**Data records:**
***
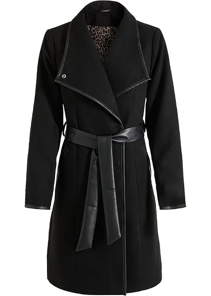 Modischer Mantel mit Lederimitat-Details. Innen ist der Mantel mit einem tollem Leo-Print bedruckt..
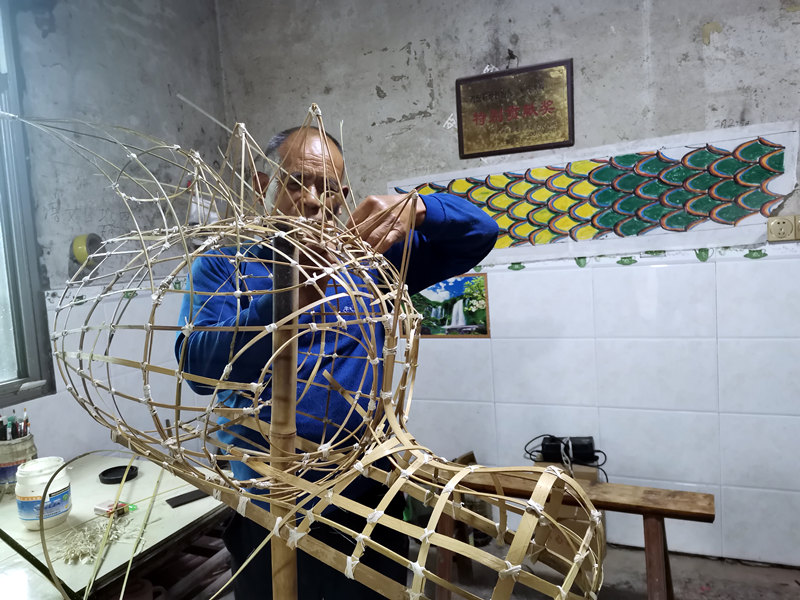 羅德編制雨壇彩龍骨架。曾佐然攝
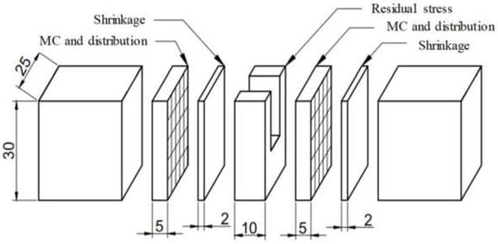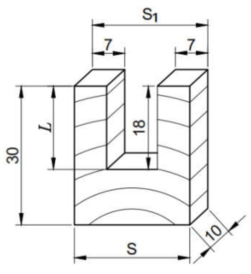 The residual stresses after dewatering of wood were measured using the prong test (GB/T 6491-2012). As shown in Figure 2, one 10-mm thickness slice was sawed from the middle of specimen and was employed for residual stress test. The slice was cut into a sample with a prong shape as shown in Figure 3. The initial thickness S of the specimen and the length L of prong edge were measured using a caliper (0–200 mm/0.01 mm). Thereafter, the slices were dried in an oven at (103 ± 2) °C for 3 h and then placed in ventilation place at room temperature for 24 h. After conditioning, the final dimension of S1 was measured again using a caliper. The stress value Y is calculated using Equation (3):
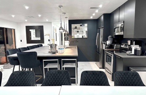 The dining table can seat up to 12 people, making it the perfect place for a family dinner or a fun game night. The living room features an oversized sofa group and a 75-inch plasma smart TV, perfect for movie nights or catching up on your favorite shows.
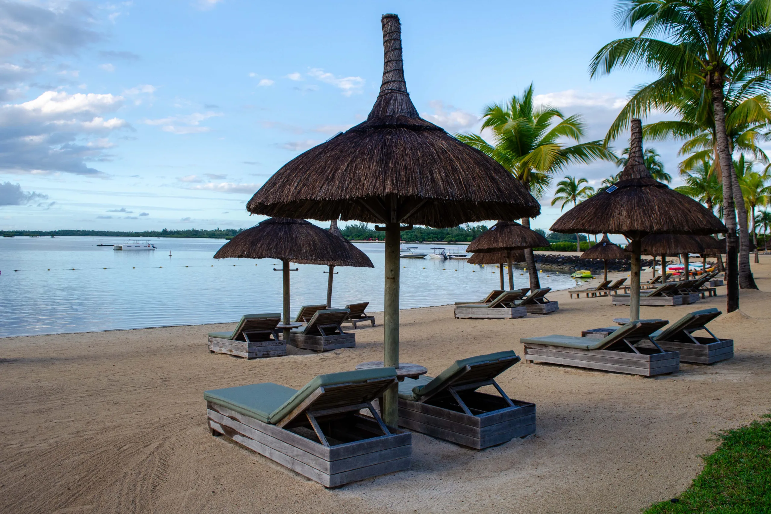 Loungers on a lawn lead to a beach with thatched umbrellas. The convenience of private access to the beach from each villa adds an element of exclusivity.
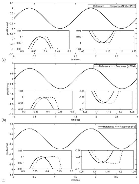 Comparison of position response waveforms under the given position sinusoidal command (1 rad; 0.667 Hz) for three speed controllers (NPC + GPIO, NPC + I, and PI): (a) NPC + GPIO; (b) NPC + I; (c) PI.
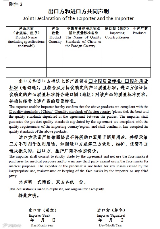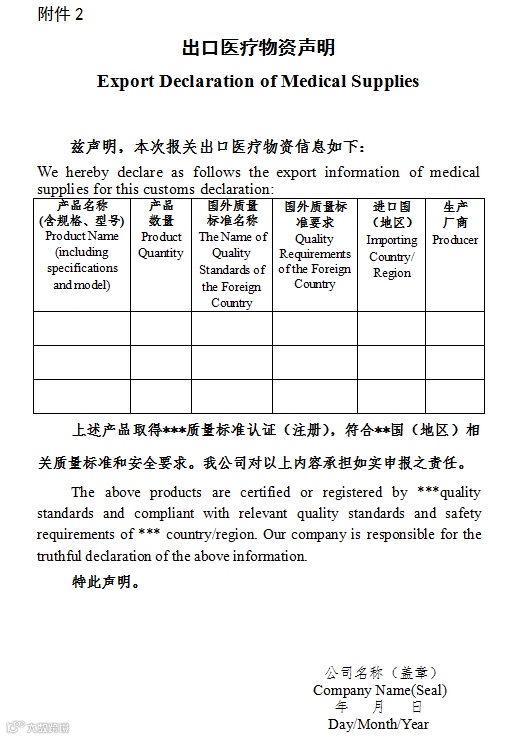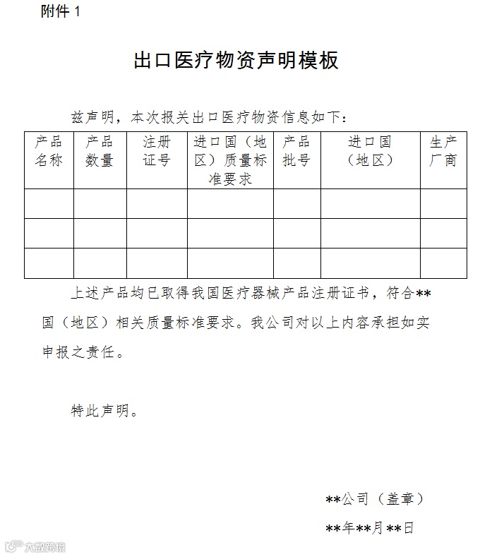 (1)提交出口医疗物资声明(中英文)【附件2】;
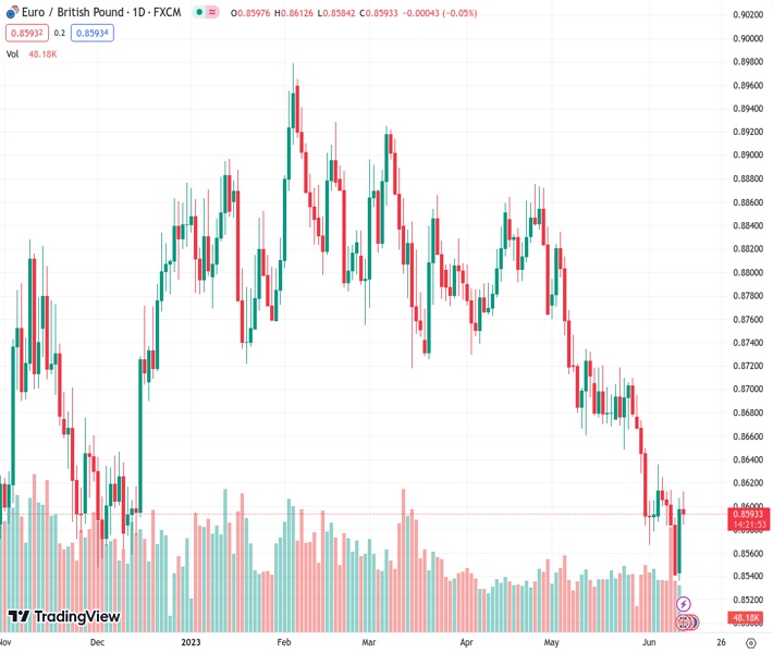EURGBP currently trading at 0.8605 at the time of writing. Pair opened at 0.8598 and is trading with a change of 0.08 % .
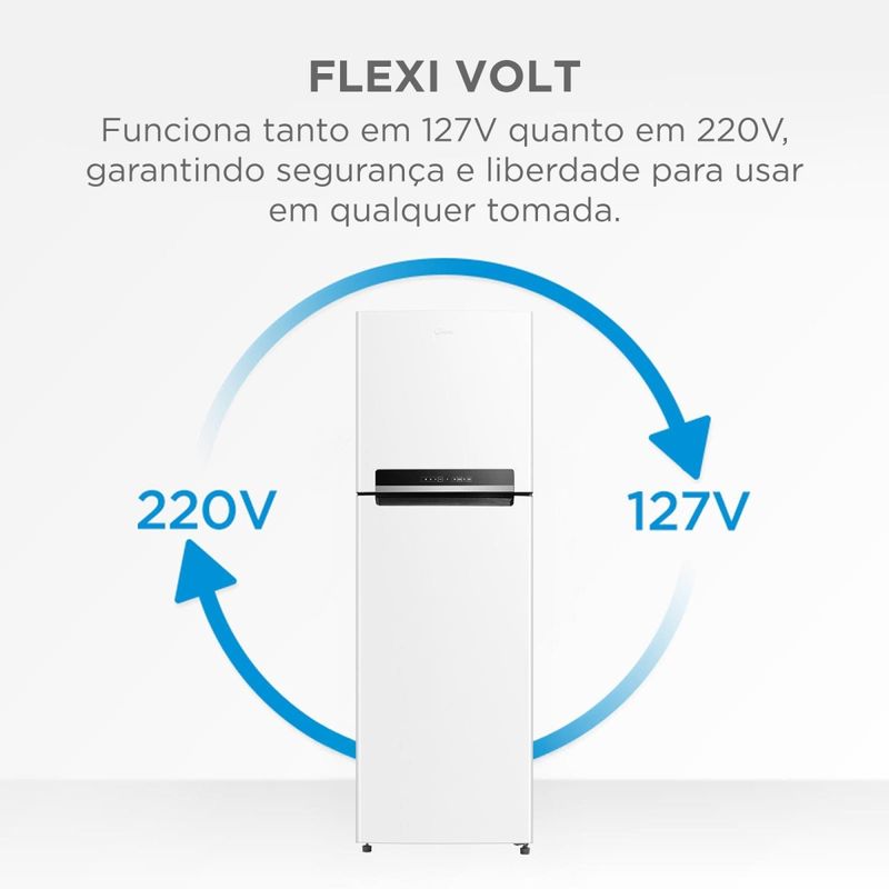 Geladeira Frost Free Midea MDRT572EVD013 Inverter 425L Duplex Branca Bivolt A geladeira Frost Free Duplex 425L da Midea oferece amplo espaço interno e design moderno para facilitar o dia a dia da sua cozinha. Com capacidade total de 425 litros, garante melhor organização dos alimentos e bebidas. A tecnologia Inverter proporciona resfriamento eficiente, baixo ruído e economia de energia, contando com classificação A no novo padrão do INMETRO. O sistema Frost Free realiza o degelo automático, trazendo mais praticidade. Com a função Turbo Freezer, é possível atingir temperaturas mais baixas em menos tempo. O painel eletrônico externo facilita o controle das funções, enquanto a gaveta hortifruti e as prateleiras de vidro auxiliam na organização e na limpeza. Capacidade total de 425L com freezer de 120L Tecnologia Inverter com classificação energética A Sistema Frost Free com degelo automático Função Turbo Freezer Painel eletrônico externo
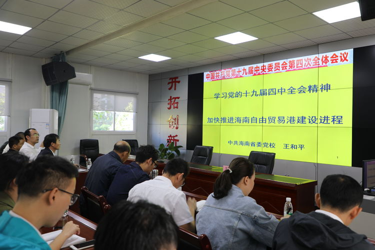 12月7日上午10:00時,一場主題為“學習貫徹黨的十九屆四中全會精神,推進海南自貿區(qū)(港)治理現(xiàn)代化”專題輔導,在明佳集團辦公大樓三樓多功能會議廳舉辦。此次專題輔導報告是明佳集團黨支部為了落實上級指示,學習宣傳貫徹黨的十九屆四中全會精神,以及省委書記劉賜貴宣講黨的十九屆四中會全精神時提出的要求,組織黨員干部集中學習,確保將黨的十九屆四中全會精神傳達至每一名黨員及一線員工。
***
**DIRECTIONS:**
Only the lines from the one containing "Geladeira Frost Free Midea" through the end of the data above are to be output, exactly and without pictures.

**SOLUTION:**
 Geladeira Frost Free Midea MDRT572EVD013 Inverter 425L Duplex Branca Bivolt A geladeira Frost Free Duplex 425L da Midea oferece amplo espaço interno e design moderno para facilitar o dia a dia da sua cozinha. Com capacidade total de 425 litros, garante melhor organização dos alimentos e bebidas. A tecnologia Inverter proporciona resfriamento eficiente, baixo ruído e economia de energia, contando com classificação A no novo padrão do INMETRO. O sistema Frost Free realiza o degelo automático, trazendo mais praticidade. Com a função Turbo Freezer, é possível atingir temperaturas mais baixas em menos tempo. O painel eletrônico externo facilita o controle das funções, enquanto a gaveta hortifruti e as prateleiras de vidro auxiliam na organização e na limpeza. Capacidade total de 425L com freezer de 120L Tecnologia Inverter com classificação energética A Sistema Frost Free com degelo automático Função Turbo Freezer Painel eletrônico externo
 12月7日上午10:00時,一場主題為“學習貫徹黨的十九屆四中全會精神,推進海南自貿區(qū)(港)治理現(xiàn)代化”專題輔導,在明佳集團辦公大樓三樓多功能會議廳舉辦。此次專題輔導報告是明佳集團黨支部為了落實上級指示,學習宣傳貫徹黨的十九屆四中全會精神,以及省委書記劉賜貴宣講黨的十九屆四中會全精神時提出的要求,組織黨員干部集中學習,確保將黨的十九屆四中全會精神傳達至每一名黨員及一線員工。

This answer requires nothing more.